(Data for processing):
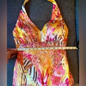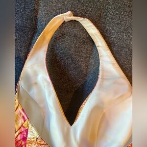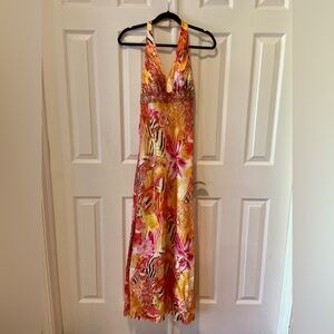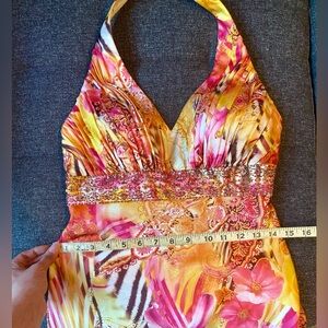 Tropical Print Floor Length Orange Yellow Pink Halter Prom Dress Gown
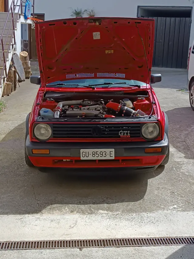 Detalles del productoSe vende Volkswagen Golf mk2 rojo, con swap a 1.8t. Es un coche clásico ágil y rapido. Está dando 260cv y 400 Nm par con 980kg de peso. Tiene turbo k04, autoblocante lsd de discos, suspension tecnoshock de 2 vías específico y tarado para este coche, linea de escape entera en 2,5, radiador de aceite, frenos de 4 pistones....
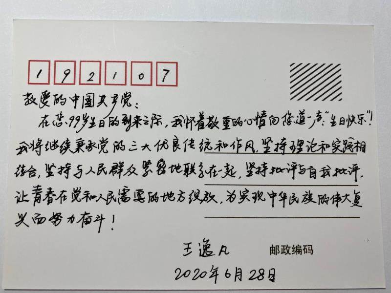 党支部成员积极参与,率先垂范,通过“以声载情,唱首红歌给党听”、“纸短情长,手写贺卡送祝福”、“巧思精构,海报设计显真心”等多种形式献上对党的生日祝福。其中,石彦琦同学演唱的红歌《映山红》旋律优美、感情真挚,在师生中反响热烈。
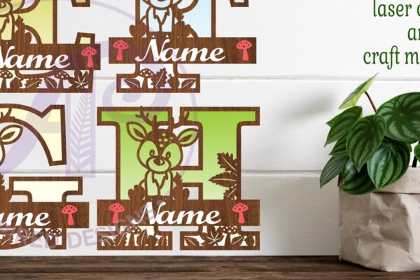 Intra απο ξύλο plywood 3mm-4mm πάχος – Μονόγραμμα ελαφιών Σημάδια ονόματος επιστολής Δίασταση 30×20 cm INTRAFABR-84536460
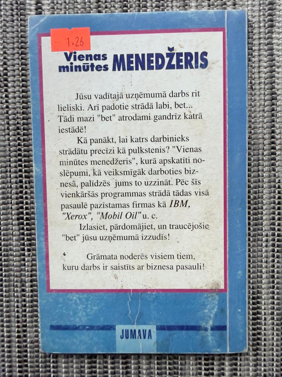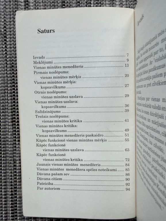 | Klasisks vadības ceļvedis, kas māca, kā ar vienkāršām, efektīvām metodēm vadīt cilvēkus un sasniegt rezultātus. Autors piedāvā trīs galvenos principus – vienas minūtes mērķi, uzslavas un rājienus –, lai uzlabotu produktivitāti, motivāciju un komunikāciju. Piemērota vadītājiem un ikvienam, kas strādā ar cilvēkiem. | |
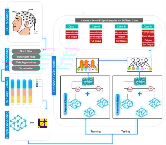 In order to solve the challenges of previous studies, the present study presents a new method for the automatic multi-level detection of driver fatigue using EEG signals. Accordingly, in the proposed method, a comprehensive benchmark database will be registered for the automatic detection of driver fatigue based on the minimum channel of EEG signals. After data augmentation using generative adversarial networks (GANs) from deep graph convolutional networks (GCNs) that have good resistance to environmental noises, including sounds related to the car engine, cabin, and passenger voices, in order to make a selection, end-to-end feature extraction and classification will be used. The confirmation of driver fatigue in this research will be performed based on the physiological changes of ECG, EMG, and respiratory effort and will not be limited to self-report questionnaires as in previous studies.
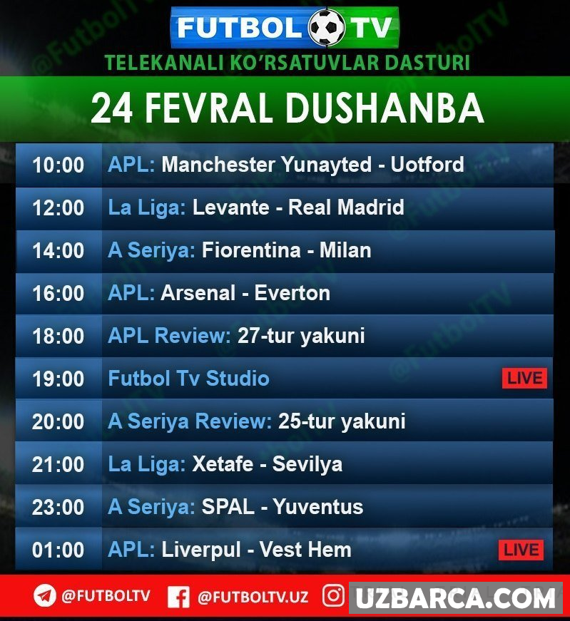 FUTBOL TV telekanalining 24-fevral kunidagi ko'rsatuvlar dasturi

(Your assignment): Pictures stay out. Print the data exactly, from its first line through the line containing "cilvēkiem. | |".

(Task output):
 Tropical Print Floor Length Orange Yellow Pink Halter Prom Dress Gown
 Detalles del productoSe vende Volkswagen Golf mk2 rojo, con swap a 1.8t. Es un coche clásico ágil y rapido. Está dando 260cv y 400 Nm par con 980kg de peso. Tiene turbo k04, autoblocante lsd de discos, suspension tecnoshock de 2 vías específico y tarado para este coche, linea de escape entera en 2,5, radiador de aceite, frenos de 4 pistones....
 党支部成员积极参与,率先垂范,通过“以声载情,唱首红歌给党听”、“纸短情长,手写贺卡送祝福”、“巧思精构,海报设计显真心”等多种形式献上对党的生日祝福。其中,石彦琦同学演唱的红歌《映山红》旋律优美、感情真挚,在师生中反响热烈。
 Intra απο ξύλο plywood 3mm-4mm πάχος – Μονόγραμμα ελαφιών Σημάδια ονόματος επιστολής Δίασταση 30×20 cm INTRAFABR-84536460
 | Klasisks vadības ceļvedis, kas māca, kā ar vienkāršām, efektīvām metodēm vadīt cilvēkus un sasniegt rezultātus. Autors piedāvā trīs galvenos principus – vienas minūtes mērķi, uzslavas un rājienus –, lai uzlabotu produktivitāti, motivāciju un komunikāciju. Piemērota vadītājiem un ikvienam, kas strādā ar cilvēkiem. | |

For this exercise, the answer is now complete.